Her decision is actually the prevailing practice; many merchants currently prefer to sell their products to clients across Africa in dollars rather than do so in local currencies. This is mostly for the universality of the currency. Dollar being a universally acceptable currency, makes the process of funds transfer less tedious. Dollar card payments especially means money transfer operators and banks get to collect high fees for every transaction. 


Ultimately, since facilitating payments within Africa does not guarantee big rewards for providers there is a huge disincentive to address the problem. Sub-Saharan Africa has the most expensive remittance structure with an 8.97 percent average cost. 


Problems around currency conversion and monetary policies of most African nations also contribute to its being unattractive to facilitate payment in local currencies.


Additionally, Cross-border payment in Africa faces stiff competition from a pervasive cash culture. In sub-Saharan Africa, more than 80 percent of all transactions are still carried out with cash, thus while mobile money and digital banking, consumers still prefer paying for goods with cash. Hence, rather than invest in digital banking tools, banks prefer to build physical branches to enable their customers have access to more cash.


Unlike developed markets where card acceptance is ubiquitous, card penetration in Africa is less than 5 percent. Even at that, the payment landscape on the continent is fragmented largely riding on more than 277 mobile wallets, more than 500 banks, and several card networks in 55 networks. As a result of the fragmentation, merchants are compelled to work with multiple payment platforms to carry out their business. 


Apart from merchants not being able to facilitate smooth transactions with clients in other African countries, traditional business to business cross-border payments also tend to be slow and opaque. This affects the business and cost structure of remittance service providers, including Money Transfer Operators (MTOs) which handle most personal remittances transactions. 


A World Bank report observed that moving funds through the current corridors requires transferal through the relevant domestic payment systems, which often have different operating hours and are located in different time zones. For certain corridors, the funds must be routed through several banks and intermediaries before they reach their destination, leading to higher fees and slower payment settlement.


“Ecobank already has a platform for all of Africa to trade,” Victor Asemota tweeted from his handle @asemota. “I can send money to 33 countries using Ecobank’s banking app. For some weird reason, nobody is building on this.”


Ecobank’s Rapid Transfer is a mobile application built by the pan-African bank to enhance remittances within Africa and in so doing reduce the cost of payment. The platform also claims to be addressing the long, burdensome and inefficient processes people face in sending money across the continent. 


Although the Rapid Transfer is touted as a game changer, it will need many collaborators including banks, fintech firms, merchants and regulators work efficiently.
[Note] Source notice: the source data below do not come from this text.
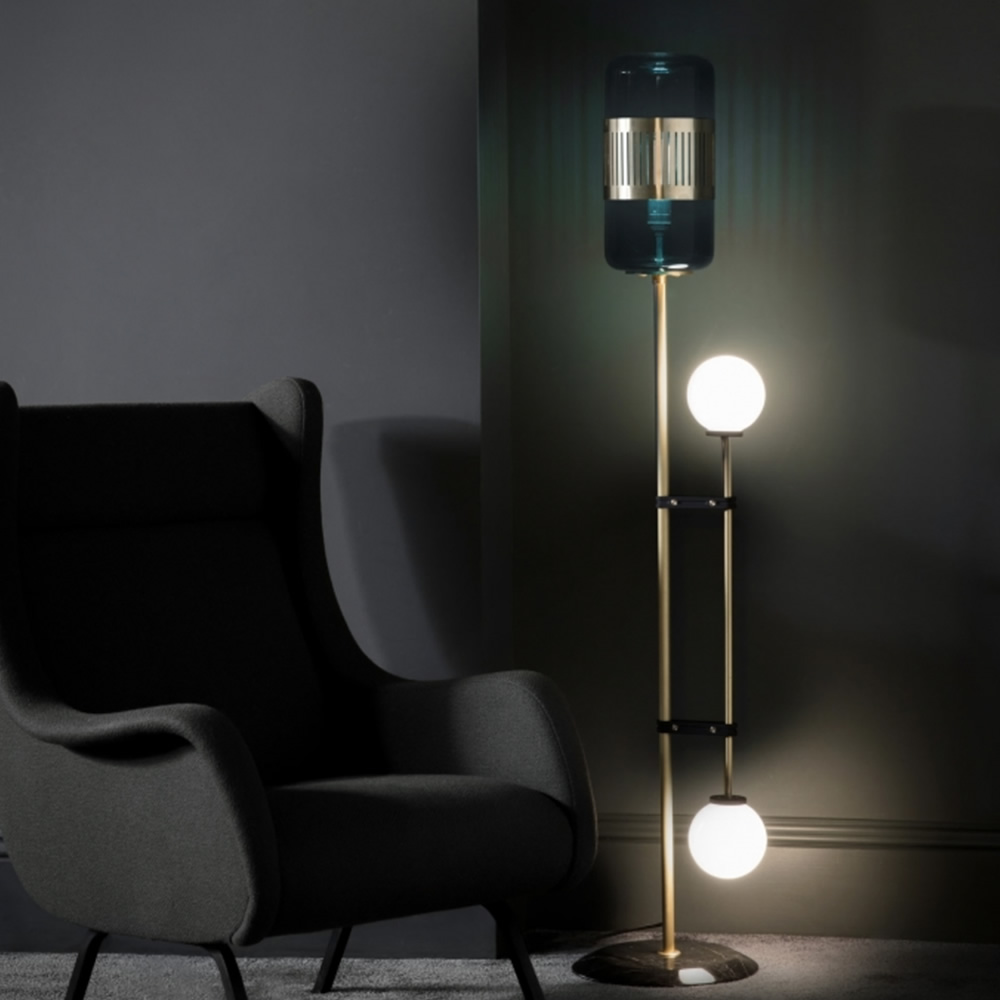 Looking for a piece to add a modern and intriguing flair to your interior scheme? This vintage style floor Lamp is the perfect piece to update your existing design scheme or add some curiosity to your interior. Sophisticated yet unexpected in its design, the lamp juxtaposes a pair of opalescent glass globes with a larger with Peacock Blue glass shade, creating a beautifully eye-catching illumination suitable for any space. The trio of glass shades are supported by geometrically aligned metallic rods, terminating in a solid marble base, only adding to the opulence and character of the piece.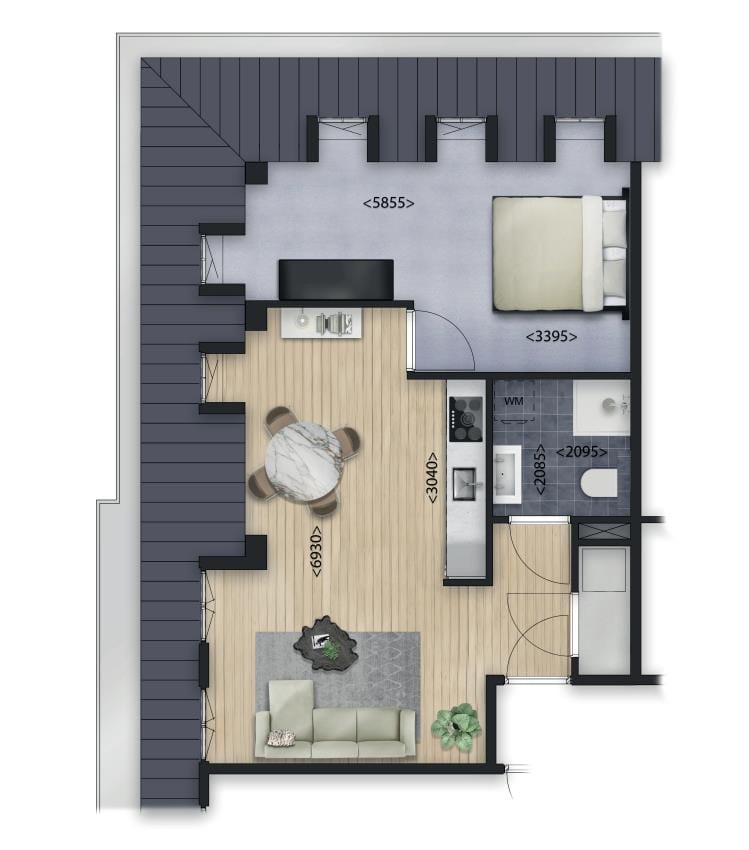 Het appartement beschikt over een lichte slaapkamer, een open keuken met basis inbouwapparatuur en een frisse badkamer met douche en wastafel. Het appartement is strak en modern afgewerkt. Het ingrediënt om de ruimtes naar eigen smaak in te richten.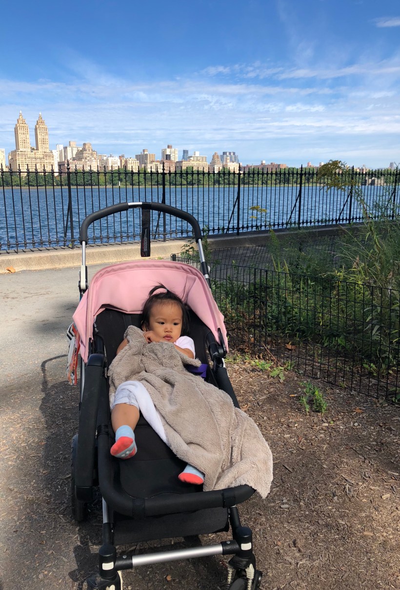 這週末,Chelsea 一早就跟媽媽出門去上小提琴課,Florence 則在中央公園裡玩,等姐姐下課。在中央公園裡散步來到水庫旁,正好對面是紐約著名的雙塔大樓 – the Eldorado,Florence 來拍張照留念。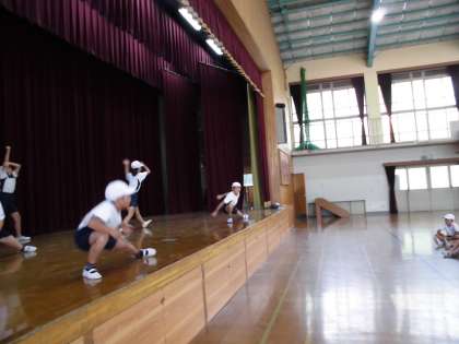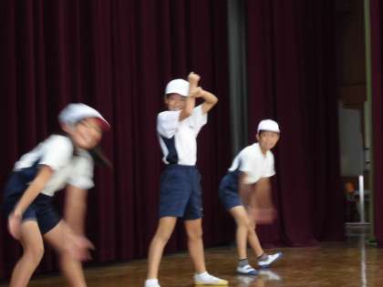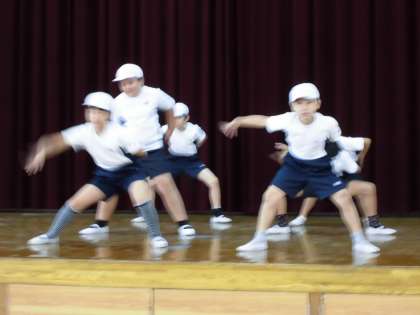 運動会で取り組んだ,ロックソーラン。隊形や踊りのアレンジをしてグループごとに発表会をしました。「どっこいしょ、どっこいしょ。」と鑑賞している子どもたちも掛け声をあげていました。どのグル—プもアイデアいっぱい,元気いっぱいです。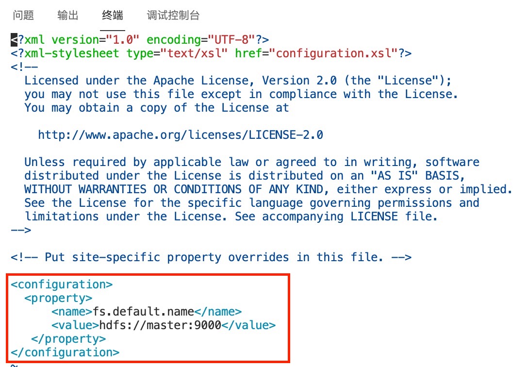 core-site.xml 使用vim命令编辑文件内容: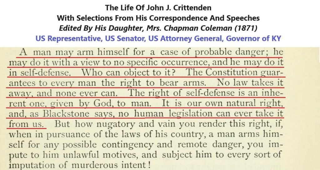 Crittenden wrote that no law can take away the right to bear arms, as it is a natural right guaranteed by the Constitution’s Second Amendment.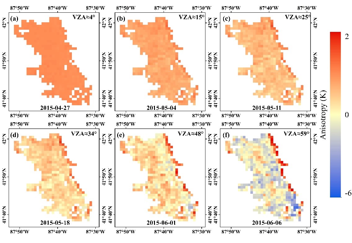 研究将城市热各向异性几何模型(GUTA-T)与增强型年温度循环模型(ATCE)相结合,对传感器垂直观测方向LST进行动态参数化,突破了传统方法中垂直观测LST难以确定、依赖同步多角度观测的限制,实现了对非同步多角度MODIS LST的物理约束校正。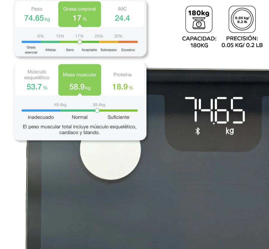 Alta Precisión con BIA – Sensores inteligentes, calibración automática, soporta hasta 180 kg / 400 lb.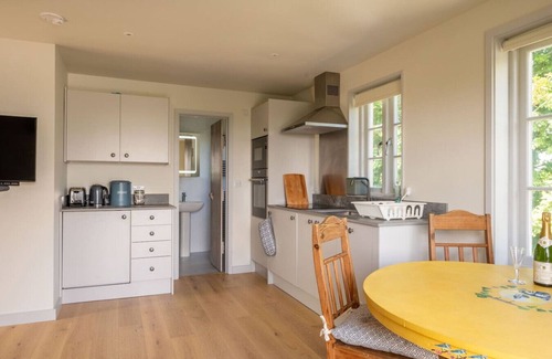 Enter the property via the balcony area, and head straight into the open plan kitchen, dining and living area. The kitchen has all mod cons, from a wall-mounted oven and microwave to electric hobs, a kettle and toaster, as well as a large fridge and a stainless-steel sink. The dining area is tucked neatly into one corner with windows for beautiful bucolic dinner views. The table seats 4 guests for meals and drinks. There is a large corner sofa in the living area of this bright and airy open-plan space. It seats four comfortably for watching movies on the wall-mounted TV, or two people can stretch out after a day of walking the coast path or sea swimming.
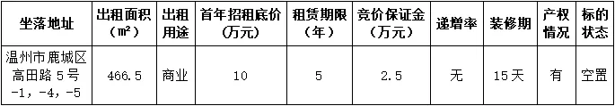 2.竞得人须在成交之日起5个工作日内将首期租金及履约保证金足额缴至温州联合产权交易中心账户(户名:温州联合产权交易中心有限公司,账号:756000120190008655,开户行:温州银行总行营业部);并在规定时间内同出租方签订租赁合同。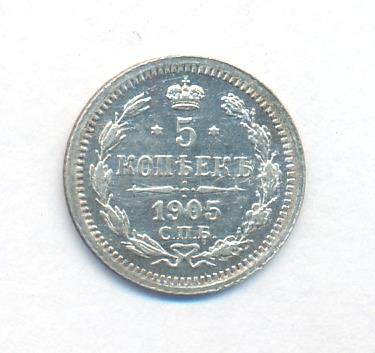 Лицевая сторона — гербовый орел, оборотная —обозначение номинала (5 копеекъ), окруженное венком из лавровой и дубовой ветвей и дата.

This however has not been the case as Asemota also alluded to in his tweets. 


In a statement on their website, Cellulant a fintech firm with operations across Africa, said there is a “Need to make it easier for merchants to digitally pay and get paid. This means providing a one-stop shop where merchants can integrate securely and access checkout options across Africa. Consumers can then pay for goods and services in their local currency using mobile wallets, credit and debit cards, and bank accounts.”
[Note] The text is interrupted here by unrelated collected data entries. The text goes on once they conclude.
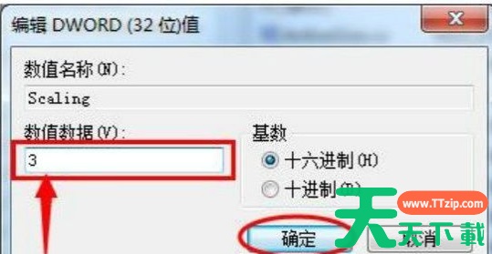 6、接下来会弹出一个小的编辑框,如图所示,里面的数值数据应该是显示的“4”,把这个值从4改成3,然后点击确定就可以了。然后重新进入游戏,选择全屏模式,应该就可以实现全屏操作了。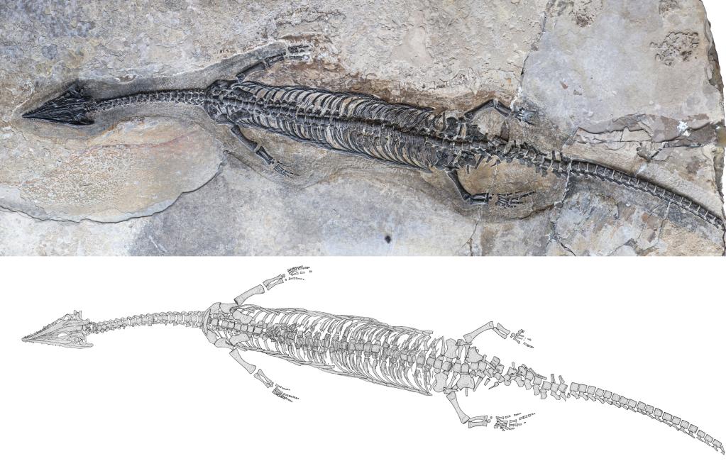 奇異羅平龍正型標(biāo)本及素描圖。(徐光輝供圖)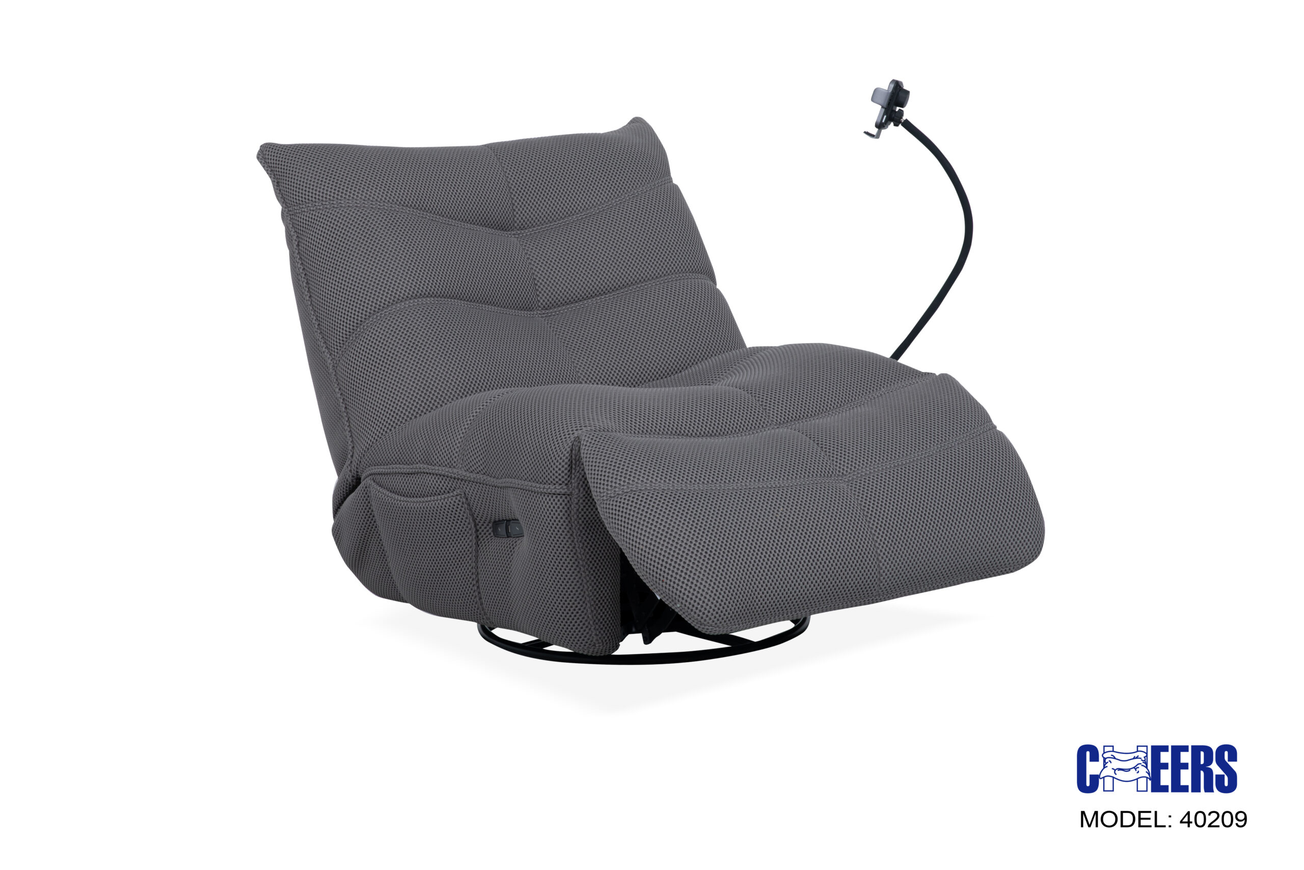 Siva relax fotelja sa mehanizmom okretanja, ljuljanja i električnog napajanja.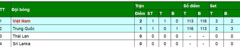 Sau trận đấu đầu tiên, Việt Nam có 2 điểm tạm đứng đầu bảng E |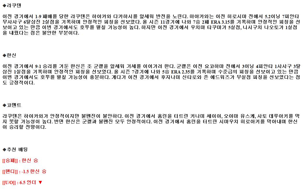 2021년6월13일 NPB 라쿠텐 한신 해외야구중계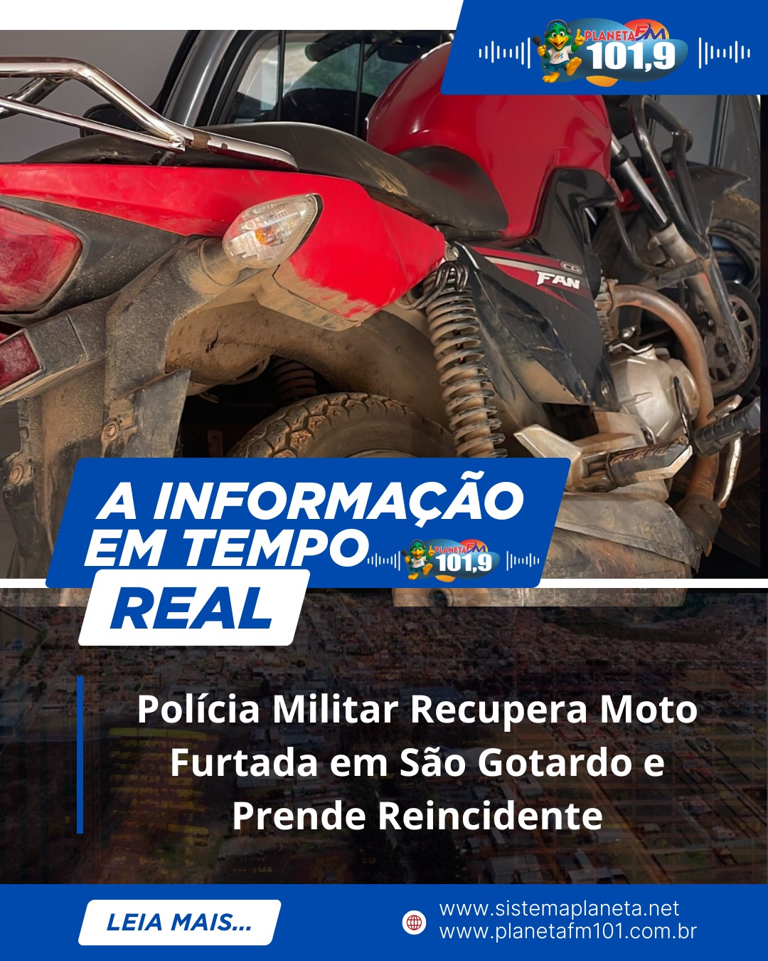 A Polícia Militar recuperou, na noite desta quinta-feira (04/12/2025), uma motocicleta furtada horas antes na área central de São Gotardo. A vítima havia estacionado o veículo em frente à residência de um familiar e, ao retornar, percebeu que a moto havia sido levada.

Finding that “one-stop shop” has proven to be more difficult as many African banks have unilaterally launched massive African expansion campaigns with promises of disrupting payments across the continent. Many experts now hope that the coming of the African Continental Free Trade Agreement (AfCFTA) and its full implementation will address the problem. What could help, they say, is African leaders facilitating a single currency system across the continent.